Поняв, что сейчас шутки неуместны, я собрал последнюю волю в кулак, встал на неверные ноги, и, поддерживаемый Тамарой под руку, побрёл к станции, напевая печальную песню:
'В воскресенье мать-стару-у-ха,
К во-ро-там тюрьмы пришла,
Своему родному сы-ы-ну,
Пе-е-редачу принесла!'
Вот такой сионистской выходкой я отомстил Тамаре за необоснованную ревность. Отомстил, но не излечил её от этой досадной болезни:
Крамольные мысли:
Постепенно пылкая страсть к Тамаре Фёдоровне стала затихать, и печальную роль в этом сыграла её беспричинная ревность. Есть ревность - значит должна быть и причина, - решил я, и возобновил свои поездки в Москву. Во-первых, я действительно подзабросил свои научные связи в Москве, во-вторых, меня очень тяготило 'замораживание' отношений с Тамарой Ивановной. Я её продолжал любить, и без неё мне было трудно. Да и вообще - вместо одной 'взрослой' жены приобрёл вторую, да ещё и ревнивую - куда это годится для 'вольного казака'?
Мой 'побег' из семьи не остался не отмщённым 'женской фракцией' института. Институтские дамы устроили настоящий бойкот Тамаре Фёдоровне, и та вынуждена была уйти с преподавательской работы в бюро переводов при областной библиотеке. Надежда на получение квартиры от института накрылась окончательно.
Прибыв в Москву, я позвонил Тамаре Ивановне во ВНИИТоргмаш и попросил 'аудиенции'
- Ресторан 'Прага', семь вечера; встреча у входа, - получил я деловой ответ.
Тамара встречала меня так, как будто и не было перерыва в наших отношениях. Я во время 'романтического ужина' рассказал, что разводился, и мне было не до поездок. Тамара внимательно посмотрела мне в глаза и поинтересовалась, чем был вызван этот шаг. Взгляд мой блудливо забегал, и я наплёл что-то про эффект 'критической массы' отношений.

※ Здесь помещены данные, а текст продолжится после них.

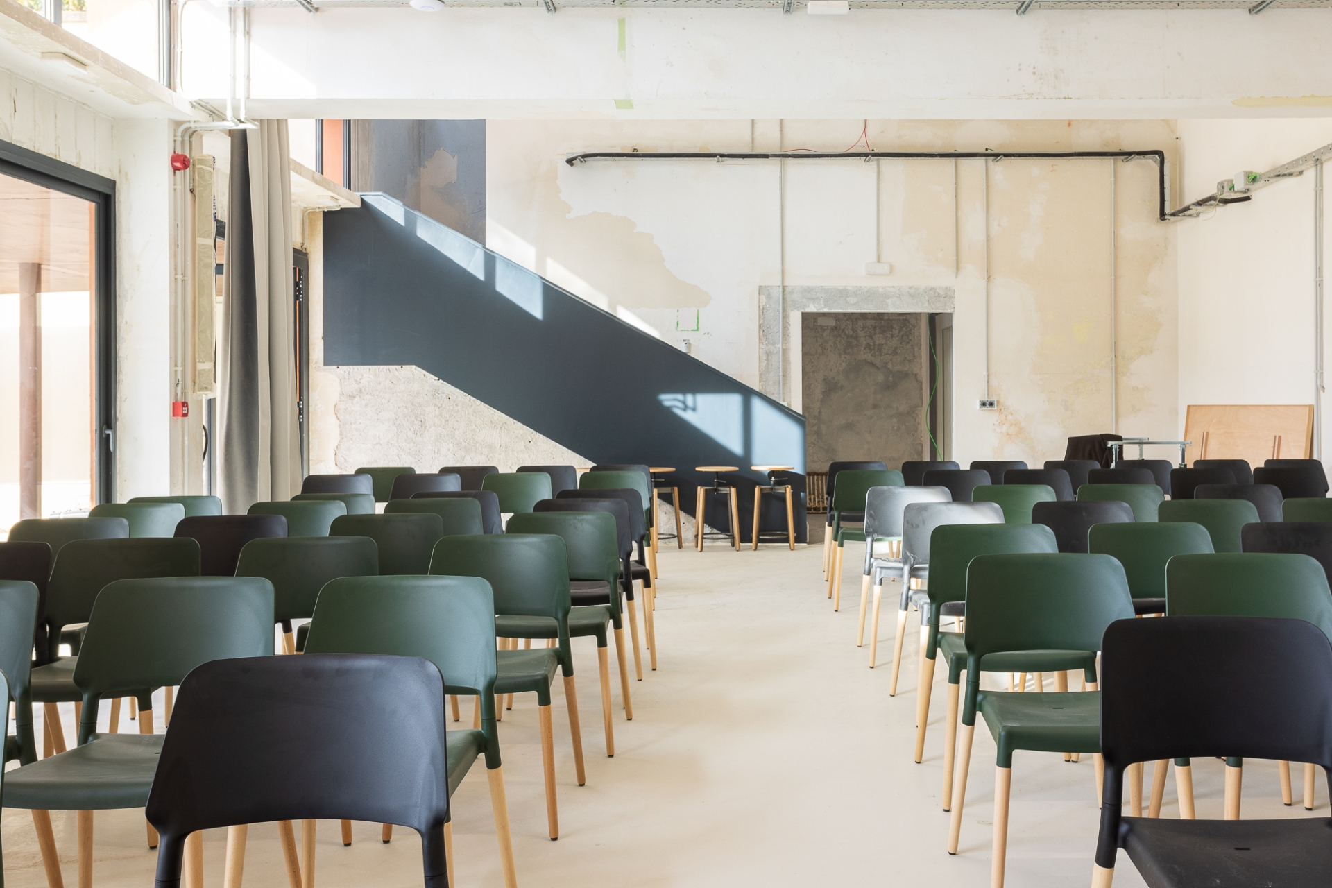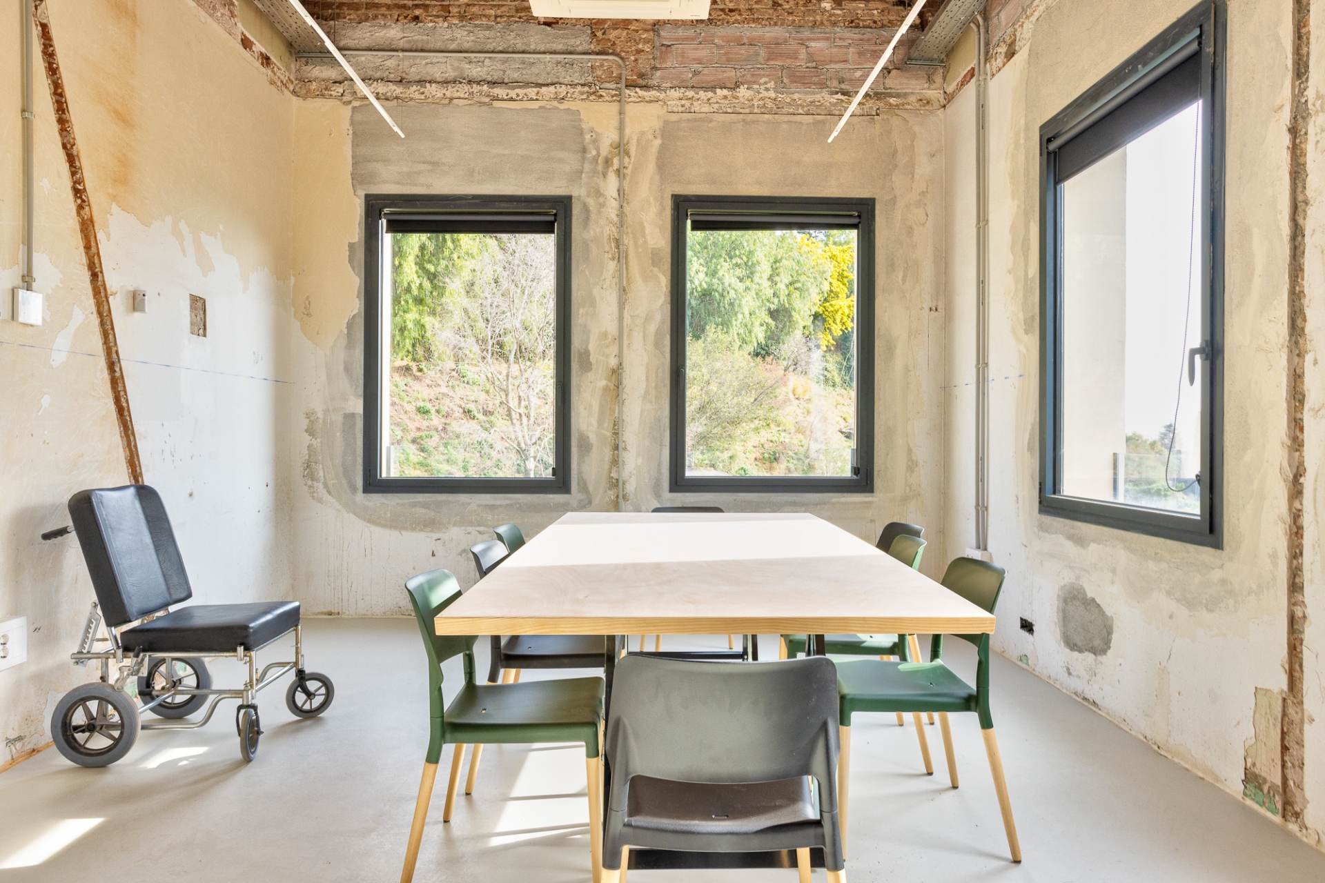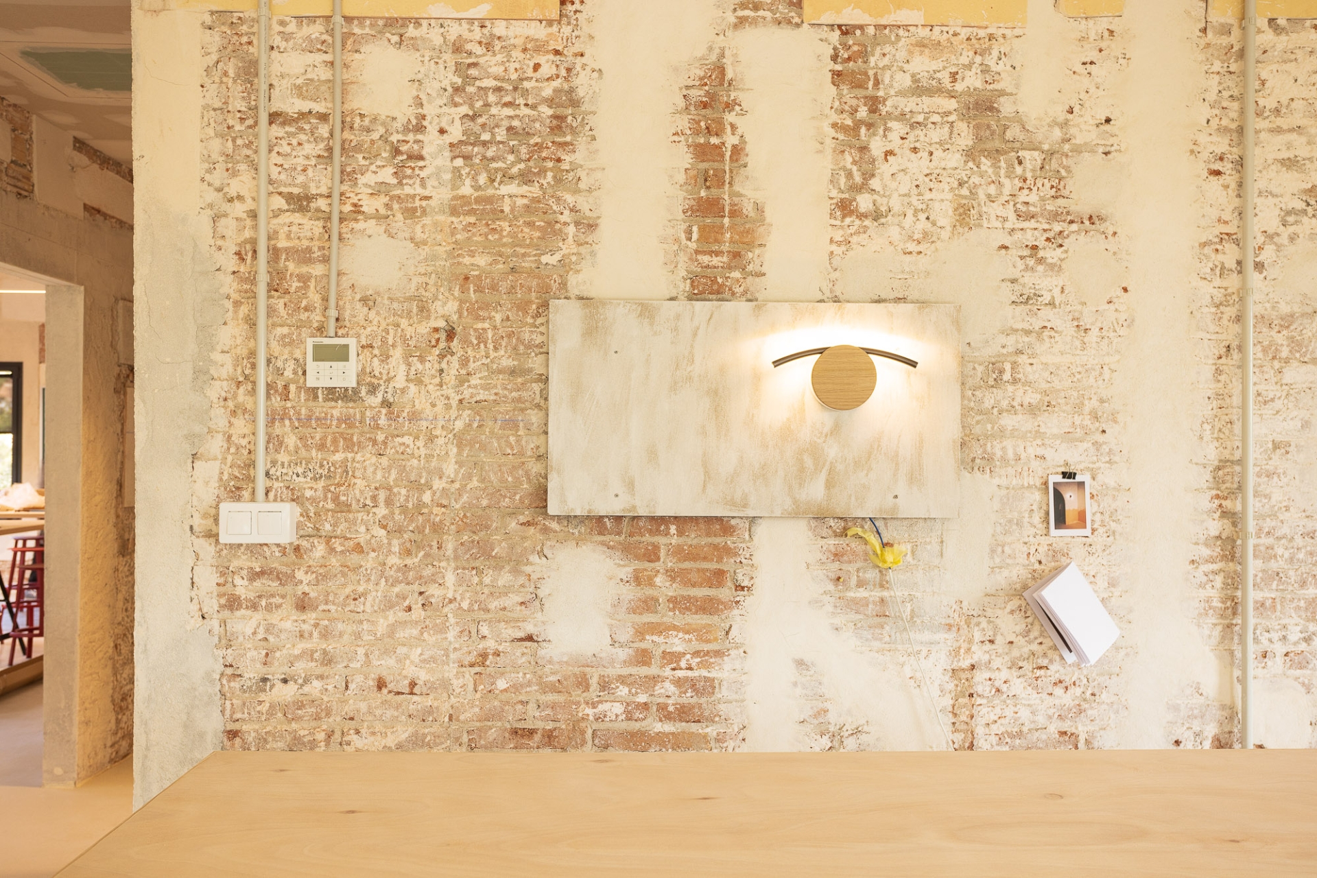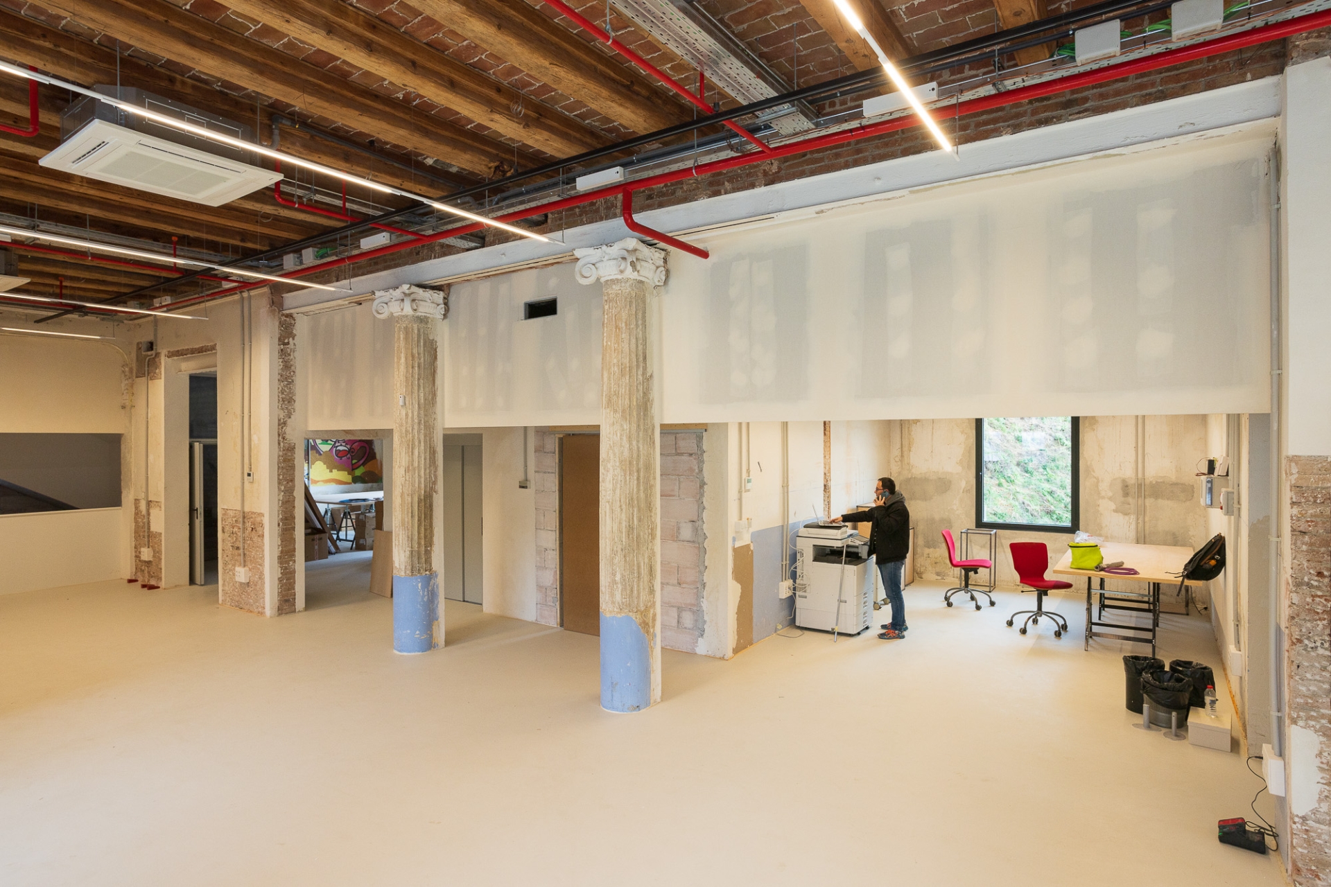 La reforma interior ha estat una intervenció arquitectònica mínima concebuda com un espai en transformació contínua, adaptable a les necessitats acadèmiques que puguin anar sorgint. L’equip responsable de l’obra ha explicat que l’acabat inacabat de les parets ha estat una feina molt rigorosa. “Cap racó és casual. Cada paret, cada esquerda i cada cantonada respon a un perquè. I el més important és que els professionals de l’escola Eina se senten identificats amb el resultat final.”

- Всё ясно! - жёстко сказала Тамара, - загулял в Курске, город маленький - вот и 'критическая масса'. А сейчас всё это надоело, и опять приплёлся ко мне! Что ж, я - женщина отходчивая и прощаю тебя!
Мы, как голубки, поцеловались прямо в зале ресторана, и поехали в Мамонтовку.
- Ну, что, зятёк, болтает тебя как дерьмо в проруби? - ехидно спросила тётя Полли, когда снова увидела меня в своей квартире.
- Маменька, не хамите профессору! - шутливо заметила ей Тамара и завела меня в свои апартаменты.
Знакомая любимая комнатка, зелень, лезущая прямо в раскрытое окно, наша постель, видевшая столько любви! Зачем было все это бросать и менять 'шило на мыло', простите за вульгаризм! Жениться на Тамаре и переехать в Москву! Но тут же вспомнил Аликово: 'Слопает она тебя и не моргнёт!', и немного притих в своих мечтаниях.
А утром, до похода в ресторан я, конечно же, посетил Моню в ИМАШе. Мой друг был возбуждён, восторжен и романтичен - оказывается, он познакомился с юной девушкой - художницей и влюбился в неё. И, как уверял Моня, она - в него тоже.